#### Stored data:
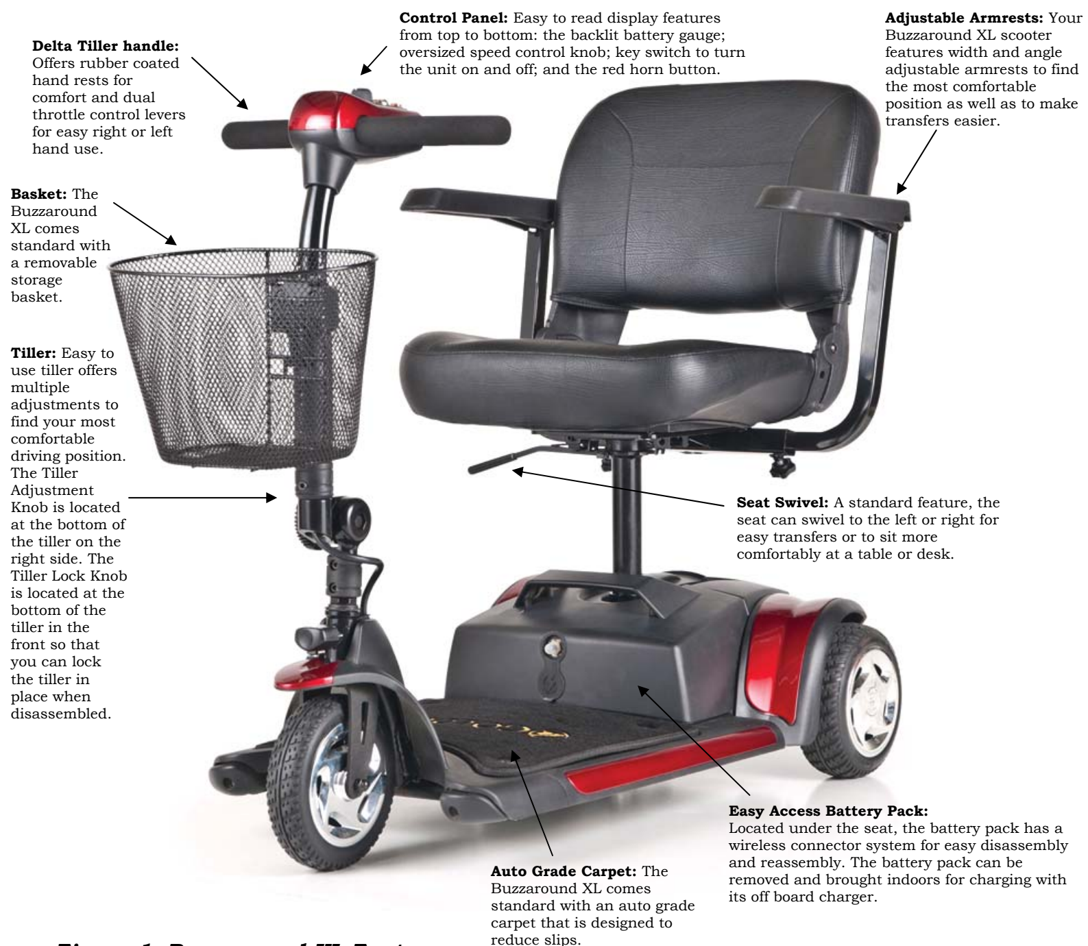
Figure 1. Buzzaround XL Features

Your Buzzaround XL™ scooter has been designed with your comfort in mind. It has also been designed to be a safe method of transportation when safety and operating instructions are followed. Please review the features and benefits of certain components of the Buzzaround XL scooter below.
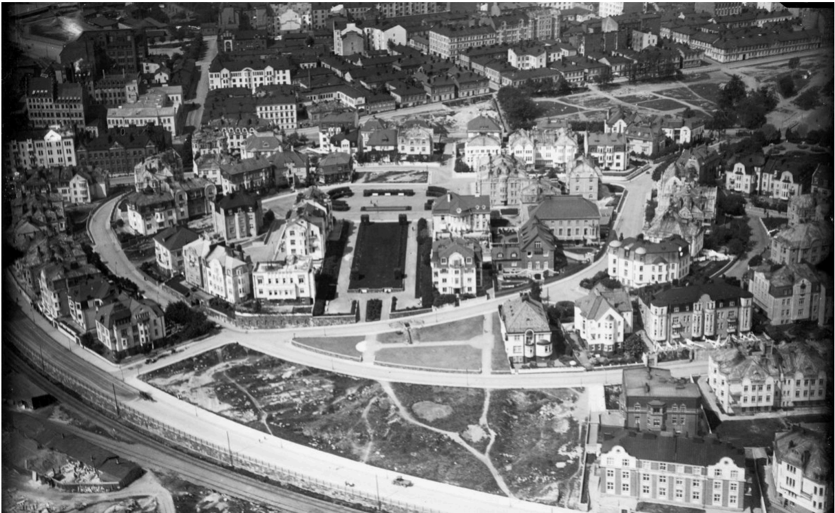
Villa Frenckell is situated in the Eira district of Helsinki, renowned for its Art Nouveau residential development during the period of 1907 to 1915. This district derived its name from the nearby Eira Hospital, which itself was named after the Norse healing deity. Eira Hospital, designed by architect Lars Sonck, was among the earliest structures constructed in Eira, dating back to 1905. Photograph: 1925, Rauhamaa, Helsinki City Museum archive.

#### What needs to be done:
Across the whole listing above, report each line that includes "designed".

#### Completed exercise:
Your Buzzaround XL™ scooter has been designed with your comfort in mind. It has also been designed to be a safe method of transportation when safety and operating instructions are followed. Please review the features and benefits of certain components of the Buzzaround XL scooter below.
Villa Frenckell is situated in the Eira district of Helsinki, renowned for its Art Nouveau residential development during the period of 1907 to 1915. This district derived its name from the nearby Eira Hospital, which itself was named after the Norse healing deity. Eira Hospital, designed by architect Lars Sonck, was among the earliest structures constructed in Eira, dating back to 1905. Photograph: 1925, Rauhamaa, Helsinki City Museum archive.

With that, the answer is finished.